By Ann F. Cohen, chief strategist and change agent, Ann Cohen & Associates; BoardSource senior governance consultant
Do you remember that childhood game called “Freeze”? If only we could play it now with the world in which our nonprofits operate. “Freeze,” I’d yell, when it comes time to create a strategic plan — “Stop moving, we have to plan.” After all, setting direction for the organization is one of the board’s primary responsibilities. But no, there’s no freezing the world today. The “new normal” is change — fast paced, constant, and, at times, unpredictable. In fact, organizations that do attempt to stop the world while creating a strategic plan usually end up with credenza ware — a document that sits on the credenza collecting dust until the time comes to create another plan.
It’s not surprising to me that BoardSource’s new study, Leading with Intent: A National Index of Nonprofit Board Practices, found that boards are doing only a mediocre job at monitoring programs and setting direction.
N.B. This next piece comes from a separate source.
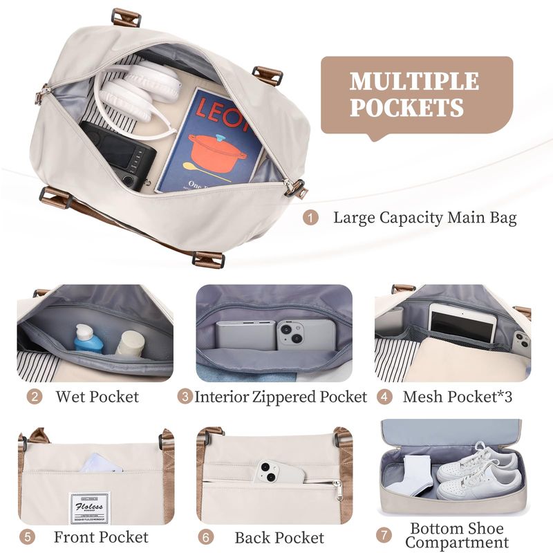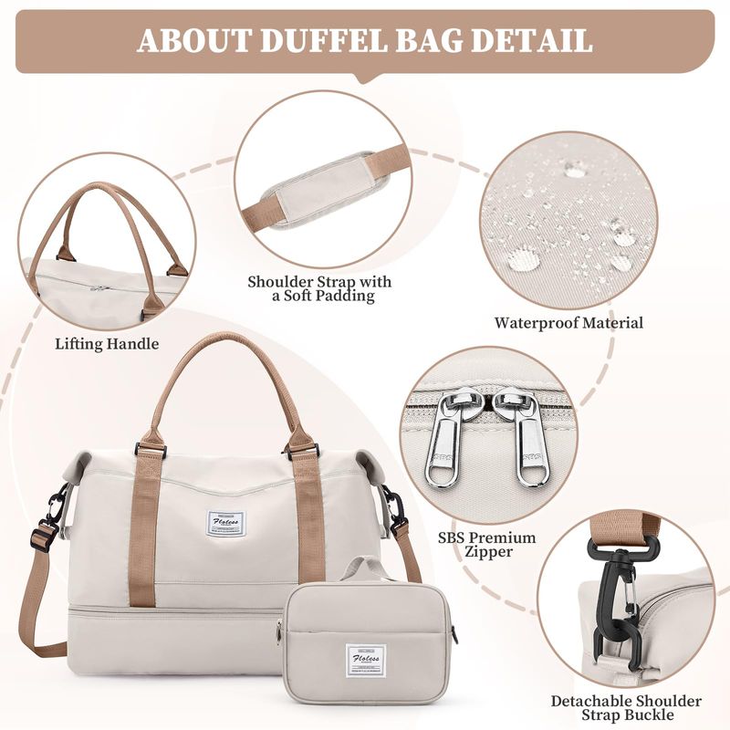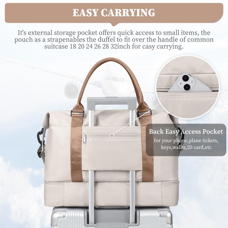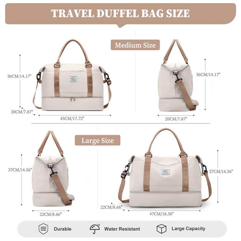 Bolsas de fin de semana para mujer, bolsa de viaje para artículos personales con compartimento para
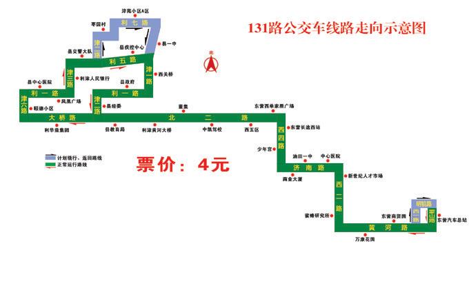 131路:自東營長途汽車總站始發(fā),途經(jīng)蒙山路、黃河路、西二路、濟南路、西四路、北二路、大橋路、津六路、利一路、津三路、利五路、津一路、利一路、津二路、大橋路、北二路、西四路、濟南路、西二路、黃河路、西一路、明鏡路、蒙山路、到達終點站東營長途汽車總站,票價不變,仍為4元/人次。

It’s hard to do when the external environment in which our organizations operate won’t stand still for a moment.
In today’s new normal, the key to successful strategic planning is to do a little changing ourselves — to approach strategic planning not as an event or a means to an end but rather as a dynamic, ongoing learning process or cycle.
The process begins with board and staff co-creating an aspirational vision that answers what has become the iconic and ubiquitous Gandhi question: What is the change we want to see in the world? From there, it moves forward with intentionality.
Learning occurs in many ways:
Questioning our board and staff members, clients, and important thinkers, funders, and partners (via interviews, surveys, and today social media as well) and truly listening to what they say, being mindful of our own biases. I recommend the following two lines of inquiry:
- Strategic impact questions that go directly to what the organization has been doing: What is our core work? How well is our organization performing — programmatically, financially, and administratively? Are we making a difference? How do we know? Who else does our work, and are we competing for the same funds?
- Generative questions that look at the work of the organization from a different angle: If we do X, what will we look like? What is the biggest gap between what we claim we are and what our actual performances or actions say we are?
Assessing: Did we reach our goal? What stood in the way? What propelled us forward? What measures support this assessment?
Researching: What do relevant studies — whether trend analysis, demographics, or research — tell us about the changing landscape (economic, social, and environmental) in which the organization operates?
Transforming knowledge into action: By asking strategic and generative questions, listening, assessing, and researching, we surface the needs, possibilities, strengths, weaknesses, opportunities, and signs of caution that should be addressed as we design our plan — one that we believe (based on our learning) and hope (based on our passion) will propel the organization toward its vision. As we identify and choose between different design elements or strategies, we know that nothing can be set in stone; our strategies must be adaptive to the changing reality, lend themselves to effective monitoring, and remain relevant and imperative. And if we later discover through monitoring that we aren’t meeting our strategic goals, then we ask more questions, we learn more, and we apply that learning to our design. Amending a design, a course of action, a plan, should become part of the board’s culture and ongoing oversight responsibilities.
I am reminded of a community organization where the board and staff designed a strategic plan with an ambitious goal — all of the community’s school-age children would receive all necessary vaccinations before the start of the school year. Funding was provided for clinics to administer the vaccines. Before the start of school, on the board-designated target date, the data showed that not many families had taken advantage of the free vaccines. This board convened to review the strategy. They asked the strategic impact and generative questions referenced above and listened without bias to the information they received. They learned that the strategy goal was still relevant and imperative but the delivery mechanism needed tweaking. As a result, they approved funding for the clinics to remain open on Saturdays and some evenings. Again, they monitored the results and again, they found they had fallen short. So, they got back up on the horse a third time, asking, listening, learning, and changing their plan yet again to include the purchase of a mobile clinic. Same strategy — ongoing learning, until they got the result they wanted and their community needed.
In today’s world, we must bring an adaptive capacity to the planning process. Our board culture of oversight must change as well. Look at that community organization — the board convened, continued to learn, and evolved the organization’s strategies as necessary. Continuous learning and non-static design must become the new normal for us. And the collective wisdom gained from the planning process will enable us to follow our vision; design for the challenges we seek to address; and implement, measure, learn, govern, adapt, and grow deliberately and strategically to meet and perhaps even anticipate the critical role our organizations will continue to have.